Nepal Internet Exchange
- Full name: Nepal Internet Exchange
- Abbreviation: NPIX
- Founded: 2002
- Location: Nepal
- Website: npix.net.np
- Members: 49

= Nepal Internet Exchange =

Nepalese Internet exchange point

Nepal Internet Exchange is Nepal's only Internet exchange point, established to keep local traffic local and improve local web surfing with local content while saving international bandwidth. It was established in 2002 with the help of Packet Clearing House.

== Locations ==
NPIX Maintains two IX locations: One in Jawalkhel (Lalitpur), and another in Putalisadak (Kathmandu district). Members connect to one or both of these locations. The two facilities at Jawalakhel and Putalisadak run Cisco and Extreme switching platform respectively.

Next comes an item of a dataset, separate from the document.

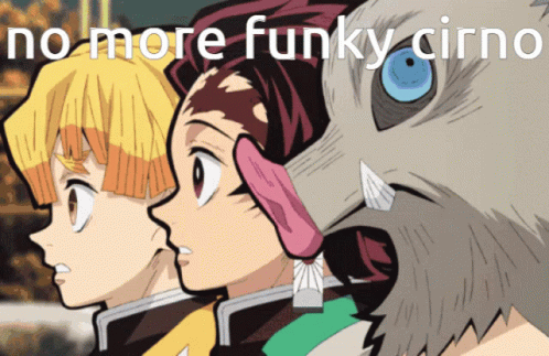 Tanjiro, Zenitsu, and Inosuke from Demon Slayer react to 'no more funky Cirno' meme, referencing Cirno Fumo.

Both locations provide 100 Mbit/s, 1 Gbit/s and 10 Gbit/s ports to members.

== Members ==
NPIX members include major telcos, NSPs, ISPs, National Research Network and Anycast Operators. As of November 2020, the NPIX has 49 participating networks. NPIX is an open IXP allowing anyone with their own AS-Number and IP Address block to become a member and start an exchange of traffic with other members.

Among others, members include DNS Anycast operators providing instances of D, E, I, and L root name servers and over 100 gTLDs/ccTLDs.

== Traffic ==
As of June 2024, the exchange is carrying about 40 Gbit/s of Internet bandwidth.